Finding strength within
Onslaught of hate they survived
Untarnished they live.
All in my comic book mode, rereading old ones, remembering Stan Lee and his wonderful contributions to race relations and so many other societal issues. He gave voice and helped and continues to help so many posthumously looking for heroes in today’s world. Loved his characters and stories, and I’ll miss seeing him popping into future films inspired by his enormous universe. Comic book geek till the end here, and no not ashamed as I sit in front of my glass cases with toys and action figures wrapped and never opened lol. You can’t play with them, that’s not allowed. Just look and if you’re seriously needing to you buy a second. This is one of my little quirks I’ll have my whole life, I think. I can spoil myself now and then with an action figure or comic book to add to my collection. On another note I forget what show I was watching but I was a little upset because it was an episode where a couple wanted to buy a new home and as per the usual the in these episodes the girlfriend was like get rid of all those toys and grow up. UFF I’m so glad I don’t have to deal with that because I might just get rid of the person not the collectables. It’s part of who I am part of my childhood and memories not to mention later it can accrue allot of value in the future to other collectors.
Ok mini rant remembrance here lol, I’m not perfect by any way shape or form and I’m still kind of upset at an ex who just tossed a lot of my collectables out in huge garage sale after reneging on a deal to send them to my new home after we ended because he cheated. So yeah humans can suck, I stood by him while he went through depression and lack of work. We were together for 10 years he was my first love something I never experienced. During a down time towards the end of our relationship, we had recently moved back to his hometown because he thought it was a good idea. After a visit from his brother. We left some great jobs and a nice apartment, life, friends, and everything working out, to move north again. This was a state we moved to alone, no family friends or anything and we established ourselves. At any rate when we moved back, he had a hard time of it, I worked 2.5 jobs doing what you should do, supporting each other in their time of need.

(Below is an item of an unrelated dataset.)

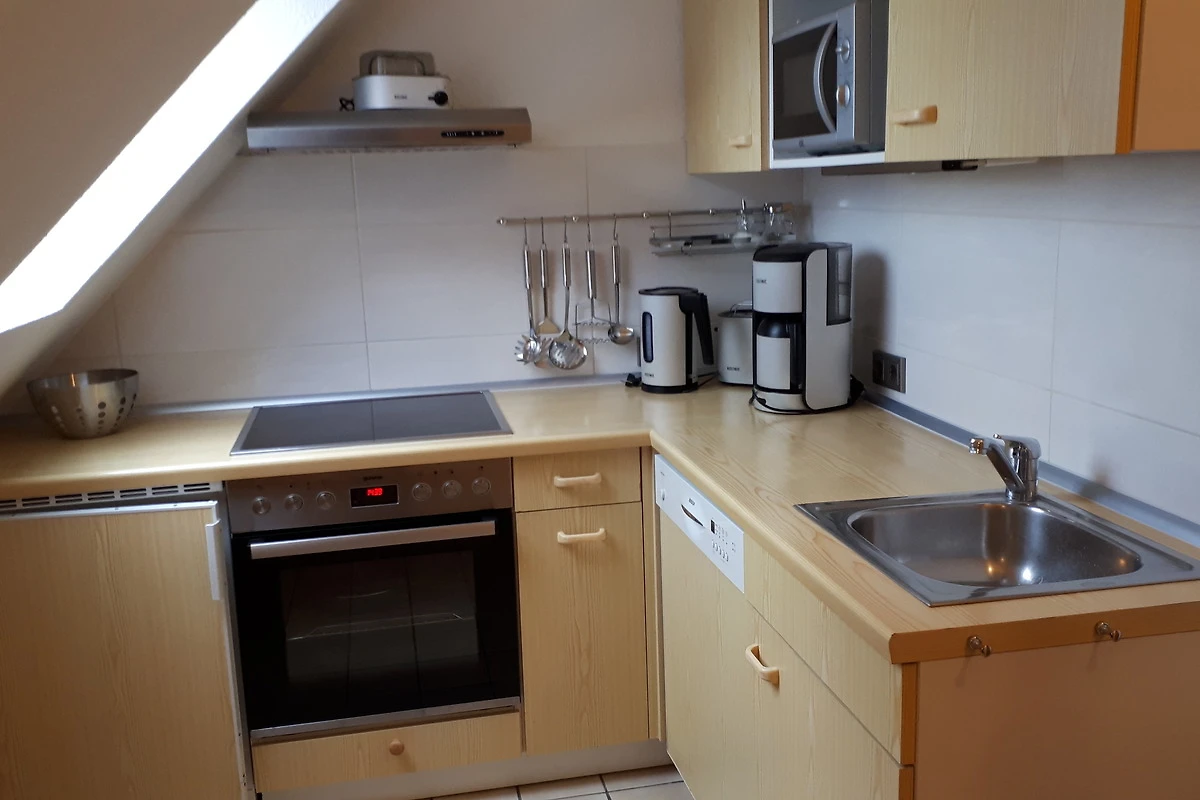 Die Küche ist komplett mit Geschirr, Backofen, Mikrowelle, Geschirrspüler, Kaffeemaschine, Mixer, Wasser- und Eierkocher ausgestattet.

Then long story short he finally got a job, and wouldn’t you know it the second day slept with someone at work. Let’s just say I was so hurt I turned into a Borg like Seven of Nine from Star Trek Voyager, lol (had to go all star trek on ya). I went into no emotions only logic and defense and planning mode and we ended. I said he’s a typical human flawed and weak to temptations and I wished him and whomever she was well. I stated rather dryly and without emotion that we have two cars I’m taking mine and you take the other. I’ll move back down south and take my job again and you have a happy life. End of story because trust and the desire to be near a person who exposes you to other illness without thinking is not acceptable. He got to keep the home we shared, and he agreed since everything wouldn’t fit in my car, he owed it to me to send a couple trunks down to me. Maybe he felt bad finally I’m not sure. However, he never did send the trunks, I couldn’t reach him, and he wouldn’t return calls etc. Those trunks contained collectables comic books, action figures, family photos, clothing and a couple things that meant a great deal to me. After this episode however, I was damaged I learned never to trust another person again. I’ve learned to trust a little now but it’s still rather sore. This is hard because I understand and can declare emphatically that if I had to lose things all over again I would. I think what hurts most is that you had someone you joined with and loved for 10 years and this is how it ended. Of course, with hindsight you can say I’m happy it was only 10 years but darn if it still doesn’t crush the little geeky girl inside me. Another good lesson is to next time take the bigger car and leave nothing that means something to you behind.
Ok well that came out of left field all because I decided to draw a comic character today. Side note I like the funky things that come out of my head but why are they always a little erotic I find his pose kind of suspect either it takes a great deal of energy to conjure the beam of energy or it’s also orgasmic at the same time. On this note have a wonderful weekend on this 1st of December 2019 is right around the corner now. Almost a year of sticking with this my blog, feels good and like my partner says I’m finally learning a little discipline.